Rarely the pulmonary veins may join behind the left atrium to form a common vertical
descending vein, coursing anterior to the esophagus and passing through the diaphragm
at the esophageal hiatus and then joining the portal system.
There have been a few studies in the literature describing the technique of CT of
heart in pediatric patients ([Figs. 5], [7]).
Fig. 7 CXR showed a round and lobulated density in right lower zone. On close view vascular
shadows were noted around it. Pulmonary angiography showed this to be AVM supplied
by a pulmonary artery and drained by a pulmonary vein.
Type IV—miscellaneous anomalies—pulmonary AVM and pulmonary varix ([Figs. 6], [8], and [9]).
Fig. 8 CXR in this adolescent showed a round density to the right and behind right hilum
(arrow).

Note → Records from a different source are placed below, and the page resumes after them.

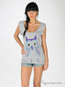 Футболка из мягкого трикотажа. Прямой крой. Глубокий округлый вырез. Короткий рукав с отворотом. Кокетка на спинке с декоративным оформлением. Изделие украшено большим рисунком-принтом.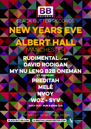 The Albert Hall counts down to the new year with a lineup courtesy of Black Butter Records. New Years Eve at The Albert Hall features an all-star line-up of some of the UK’s most exciting DJs, courtesy of Rudimental, David Rodigan, Preditah and a special back-to-back set from My Nu Leng and Oneman and much more.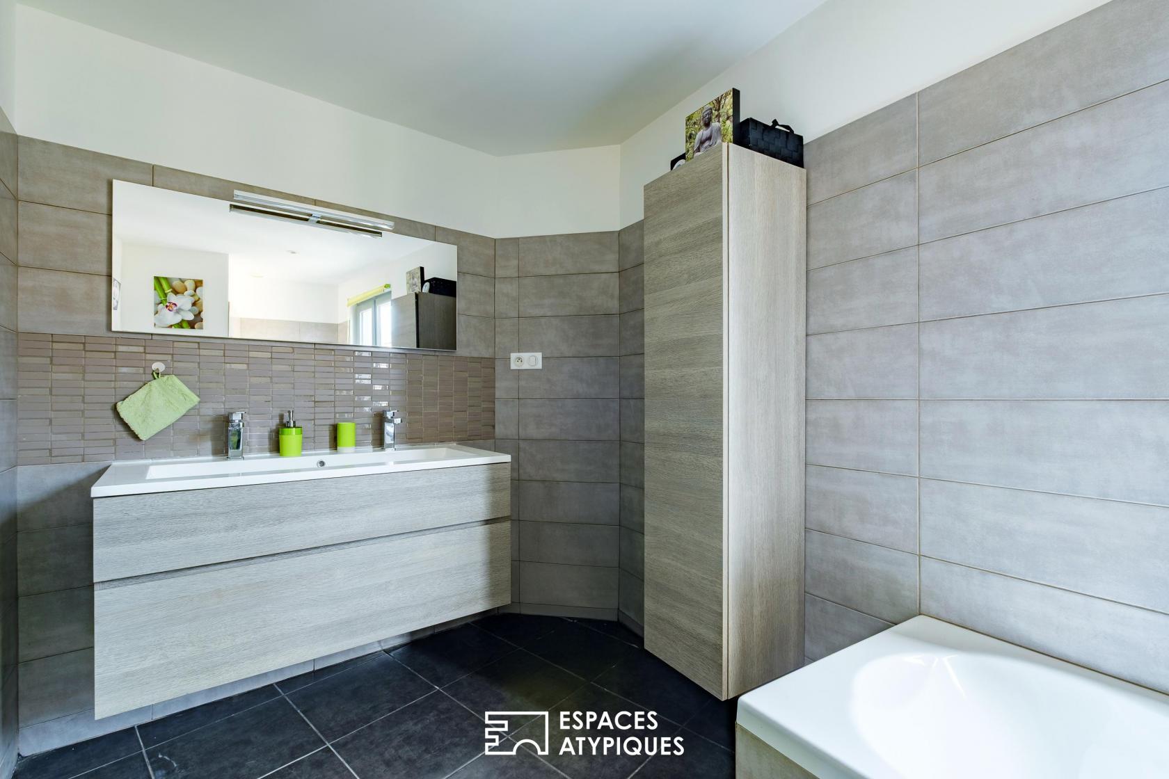 The modern open-plan kitchen, separated by a glass partition in a workshop style and featuring a convivial breakfast bar, encourages shared meals. This first level also includes a bedroom with its own shower room, ideal for single-level living or for hosting guests. The upper floor is dedicated to relaxation. The sleeping area comprises a comfortable master suite, two further bedrooms with dressing rooms, and a large family bathroom.

A nodal mass or a vascular lesion was suspected. CT showed this to be a pulmonary
venous angioma (arrowhead.). CT, computed tomography.
Fig. 9 PA view of CXR shows bilateral anomalous curvilinear vessels in the lower pulmonary
regions. MDCT with axial and coronal MIPs demonstrates bilateral pulmonary veins with
anomalous routes in the lower pulmonary regions but draining normally into the left
atrium. Coronal volume-rendering 3D reconstruction shows the anomalous veins and normal
pulmonary arteries. PA, posteroanterior; 3D, three dimensional; MDCT, multidetector
computed tomography.
Summary
A study of 43 suspected congenital diseases of heart supported by 2D echo was performed
in children and adults. Only anomalies of pulmonary veins are presented. These were
better accepted by clinicians. In most cases it tallied with 2D echo but in some cases
it did not, as there can be difference in interpretation between the two cardiologists.